1991 was also the year in which Scott won his first Classic race with Possessive Dancer's victory in the Irish Oaks at The Curragh. The following season Sheikh Albadou returned to win the King's Stand Stakes at Royal Ascot and the Haydock Sprint Cup, giving him career winnings of $1.23 million, while there was also success for Fraam in the Golden Mile at Goodwood.

===Lammtarra===
In June 1995, Lammtarra won The Derby in a then record time. The impeccably bred Lammtarra, by Nijinsky, a Derby winner himself, and out of an Oaks winner, Snow Bride, had been trained for his only run as a two-year-old by Scott, who had been killed in the season preceding the Derby victory. Scott had selected Lammtarra as a yearling from among those at Sheikh Maktoum's Gainsborough Farm, Kentucky, unusually being given a first pick ahead of fellow trainers Sir Michael Stoute and Criquette Head.

Scott had placed a £1,000 bet on Lammtarra to win the Derby with Ladbrokes at 33–1. When the colt came home in front at Epsom after the trainer's death, the bookmakers paid out to Scott's widow. Trained by Godolphin's trainer Saeed Bin Suroor, Lammtarra went on to win the King George VI and Queen Elizabeth Stakes at Ascot and the Prix de l'Arc de Triomphe at Longchamp.

==Glebe Farm stud==

In December 1992, Scott bought Glebe House and its stud farm at Cheveley, Newmarket. Scott's wife, Julia, continued to run the stud successfully after the death of her husband, basing the operation around a small number of mares, including Corndavon, whom Scott had bred in partnership with Craig Bandoroff; Palace Street, dam of Sakhee's Secret; and Ferber's Follies, a daughter of Saratoga Six.

==Death==

On 30 September 1994, Scott was shot in the chest and killed by a stud groom, William O'Brien, using a single barrel shotgun.

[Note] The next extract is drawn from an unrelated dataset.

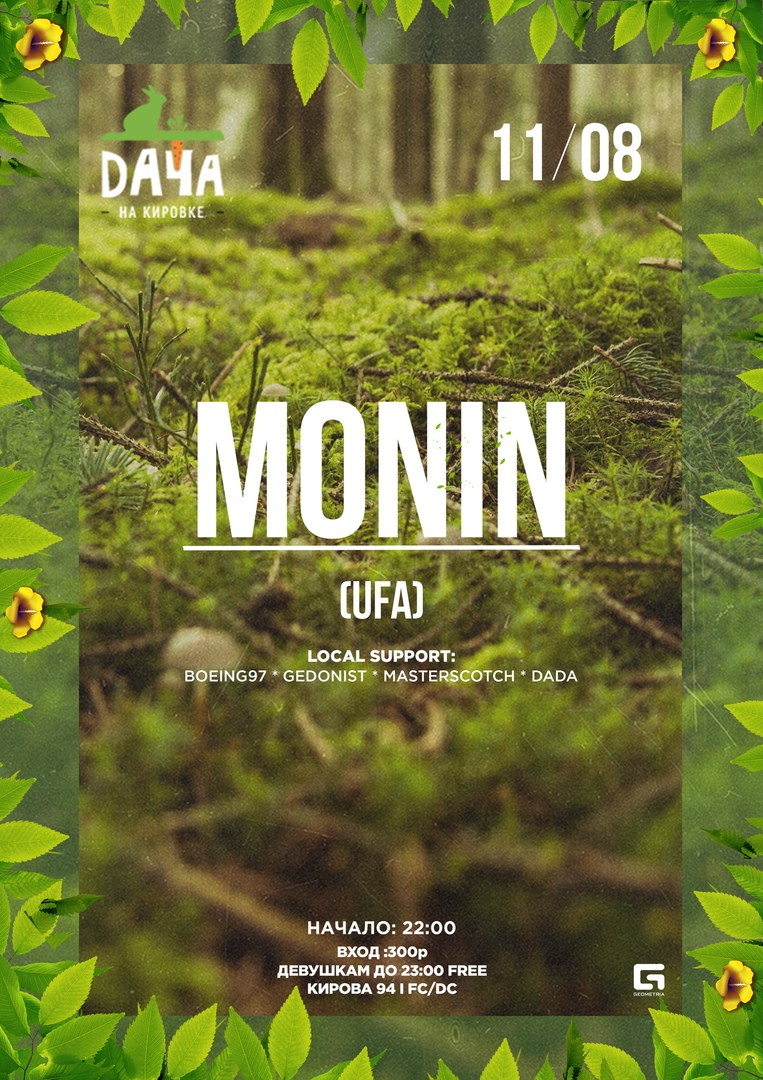 11/08 - MONIN (UFA) - Удваиваем все смешанные напитки и с новой силой встречаем субботу. Отличный шанс поплясать под резидента некогда знаменитого на всю Россию клуба RISE.

O'Brien and Scott had become involved in a dispute that culminated with O'Brien telling the trainer that he could "stuff his job". O'Brien had reportedly disagreed with Scott's working methods since his takeover of the farm in 1992. The following day Scott sent O'Brien a letter asking for confirmation of his resignation. There was then a confrontation in a barn at Glebe Stud Farm in which Scott was killed. The jury in the case rejected the defence's assertion that O'Brien was guilty of manslaughter, rather than murder.

The Alex Scott Memorial Fund Assistant Trainers' Scholarship was established in 1996 to provide assistant trainers with the chance to spend a month gaining experience of working outside Britain.

==Personal life==

Scott married Julia Mary Mackenzie in 1986. They had two sons and one daughter.